While there are some exceptions to the rule, yes this is a problem. But much of what you are going to do with amateur radio links is amateur-related with a custom software stack.
Non-amateurs probably see this as a way to connect to the internet, while amateurs don't really see that as the point. There will be direct connections in some ways, but the same mindset that makes hardware from the ground up is going to be more interested in creating software stacks from the ground up and making gateways rather than simply using modern internet software on an amateur internet.
> When the big one hits, this might be the only Internet left. Unfortunately you have to have a license to use Ham Radio.
"The big one" implies nobody's going to care about licensure or not using the public airwaves for encrypted communications.
Which implies that, if it's less than the big one, the amateurs should have the basic good sense to leave the airwaves to the professionals, and not clutter the frequency bands.
In many cases, "amateurs" are the professionals. At a local university, all electrical engineering students are required to get a ham radio license. Many radio engineers are also licensed amateurs (how else do we get an amateur repeater on a 750 foot commercial tower?). It is designated as "Amateur" by international treaty, and that refers to its purpose, not necessarily the people involved.

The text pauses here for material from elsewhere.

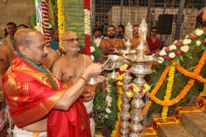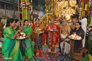 The priests first performed Punyahavachanam, Sadyah Ankurarpanam, Rakshabandhanam, and Visesha Aradhana. This was followed by Rakshabandhanam, Agni Pratishtha, Madhuparkam, Kanyadanam, Mahasankalpam, Mangalyapuja, Mangalyadharana, Ukta Homams, Poornahuti, Nivedana, Akshatarohanam, Mutyala Talambralu Samarpana, Visesha Nivedana, Malamarpidi, Harati, Chaturveda Parayanam, and Vedic blessings to the Yajamani. After the rituals, the divine couple’s procession was held in the temple premises.

For example, if you read the original article, I certainly wouldn't call the people doing all of that work "amateurs" in any sense other than the laws that apply.
Edit: I'm sorry, I can't leave this one alone. Amateurs do not "clutter" the bands. They have specific frequencies they can use that do not interfere with military or other use. And as a first responder, I can tell you that a lot of "professional" radio usage is very unprofessional to the point of causing problems and even endangering lives. There are many cases where an experienced "amateur" can make much more efficient use of bandwidth than many professionals.
> the amateurs should have the basic good sense to leave the airwaves to the professionals
That's pretty unfair. Amateurs often help out with communications after natural disasters, and historically have often been the first to setup radio communication in areas struck by natural disasters.
Situations were HAM operators can get packet radio through but cell phone towers and land lines remain down are not unimaginable or unprecedented.
(edit it's possible we're confusing each other's meaning. "amatuer radio operator" typically implies "licensed amatuer radio operator", in the same sense of licensed amatuer pilots. It's possible (even very common) to be licensed but not a professional.)
Kind of funny because a friend of mine was doing Packet Radio TCP/IP around the time this article was written. He was an Amateur who installed some of the first "professionals", police cars with this technology.
> Unfortunately you have to have a license to use Ham Radio.
Fortunately, amateur licenses are easy to get and you can do most of what you would be able to do on a modest budget with an amatuer license (with some exceptions) :-)
Although many new hams still learn and use International Morse Code as it is very efficient and gets through a lot of noise. Also, individuals can build and actually understand simple CW transceivers. It's a very basic technology that works across nationalities and languages once you learn the q codes, abbreviations and prosigns. No computers or networks required, just a bit of knowledge and practice.